I enjoyed the family portraits a lot. They were horrible. I've never experienced anything worse than a button-down shirt and a combover, never any ski-resort or French pictures. And my mother spent more of her time yelling at my little sister to stop messing up her hair and/or dress, and I just wanted to get it in and out, so Virginia holds the world cup for Family Portrait craziness!

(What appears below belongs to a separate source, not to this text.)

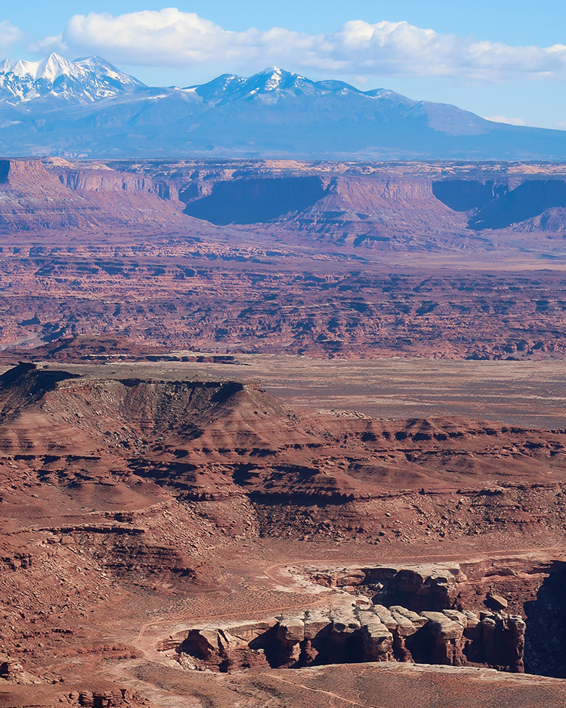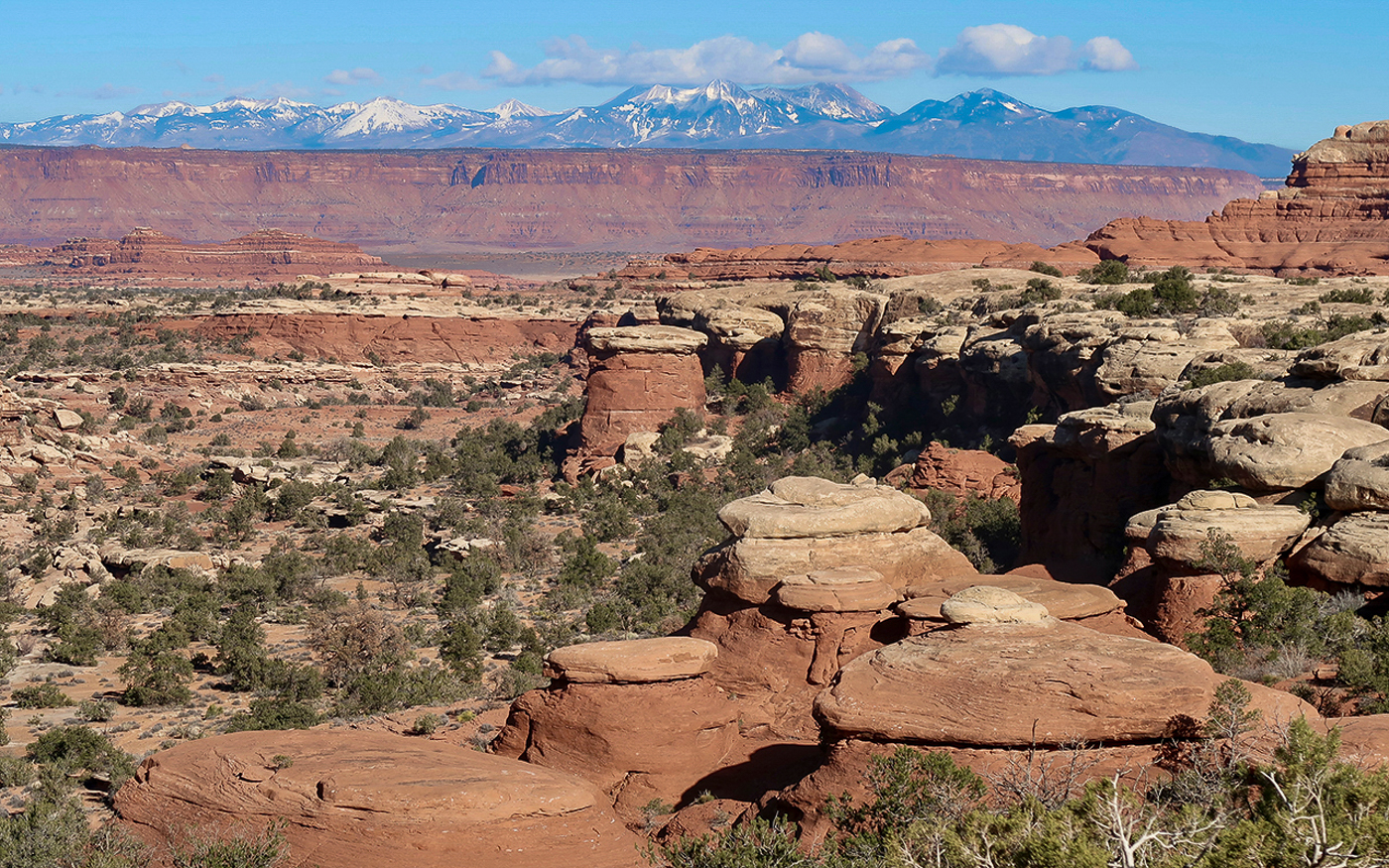 Ein gigantischer Ausblick über die raue Schönheit des Plateaus bietet sich, das durch die spitz herausragenden Nadeln vom Maze und Needles Distrikt unterbrochen wird. Im Hintergrund erstrecken sich zudem die La Sal Berge - ein gigantisches Bild!

It would definitely make sense, though, that Virginia would put so much emphasis on the family portrait. There's just so much about life that can't be controlled, so having one nice thing, just one, would work wonders for her. Sabrina hit the nail on the head, though. No family portrait is actually reflective of a family's true nature. No matter what they say, or how you see them act, no family is so sweet and wonderful to have such contentment and happiness. It also makes sense that, since Virginia thinks that a happy portrait means a happy family, a portrait with a theme, like skiing or France or just plain nice clothing, means that the family can do fun things together, which is something the Chances cannot do, and its the closest they can get to actually going skiing or actually going to France, or actually owning nice things without worrying about finance charges.
All that said, I do believe that Virginia is the worst/best kind of crazy. She simultaneously pushes Jimmy to kiss Sabrina, but then proceeds to block Jimmy's advances on the dip-couch, to make herself look less crazy, but does exactly the opposite.
Speaking of crazy, the writers need to figure out a better way to work Maw-Maw. In the past, she's been stumbling through various senile episodes with moments of lucidity, which is when I end up liking her the most. I give the character a bit of a pass, though, because A) for a family to put a crazy loved one in a home, it would cost much more than the time it takes to care for her, and B) this acting is probably the best they can do to keep Cloris Leachman from eating everyone alive.
The traffic light/singing scene is just the right amount of sweet to balance a show with so much sour. I believe that however low a show will dip for the nasty, that's exactly how low it should dip for the sappy. When Maw-Maw is giving pseudo-birth, you've gotta end on a "Whacka-Do" singalong in a pickup truck.
The whole Friends referencing moments with Jimmy/Sabrina and Ross/Rachel were great, and excellent meta-referencing. I will say that despite Sabrina's comments at the end and Virginia's yelling, I agree with Jimmy, that things could, and hopefully will, change between him and Sabrina.
Fun Things:
-It's not that I don't believe the family would compete over balloon bouncing, but where does Virginia get the time to defend her record?
-The pseudo-birth gave Maw-Maw's crazy a fluid line of thought, which made her a bit more likeable.
-Love/Hate Burt's long hair in the flashbacks.
-Hair eating is disgusting, but it gave Jimmy a nice dash of neurosis. It works.
-I don't know what I liked better: the price tags on the sweaters and the French outfits, or the lack thereof on Virginia's '50's outfit, implying that she actually owns it.
-"If I ever get that crazy, take me in the backyard and blow my head off with a shotgun."
-"I better go before this gets on Dateline."
-I never played with Shrinky-Dinks. The closest I got was that thing where you could bake rubber bugs. Does that count?
-"Ignore? How does that work on a phone? I mean, I can ignore people in real life..."
-The baby playing Xbox!
-"You know how I feel about finance charges!"
-I was half expecting Virgina to start macking on Sabrina when she sat on the dip-couch.
Grade: A-
Virginia's inability to be sane was a blast, and it was cute watching Jimmy trying so hard to flirt with Sabrina. Even Maw-Maw's story worked for me, but I'm gonna need a little more to prove that Cloris Leachman knows what she's doing.
MVP Martha Plimpton owned Virginia's crazy. I don't think I've ever seen someone go from calm to batshit in less than a second like her
Runner-Up Lucas Neff, for making hair eating disturbingly believable.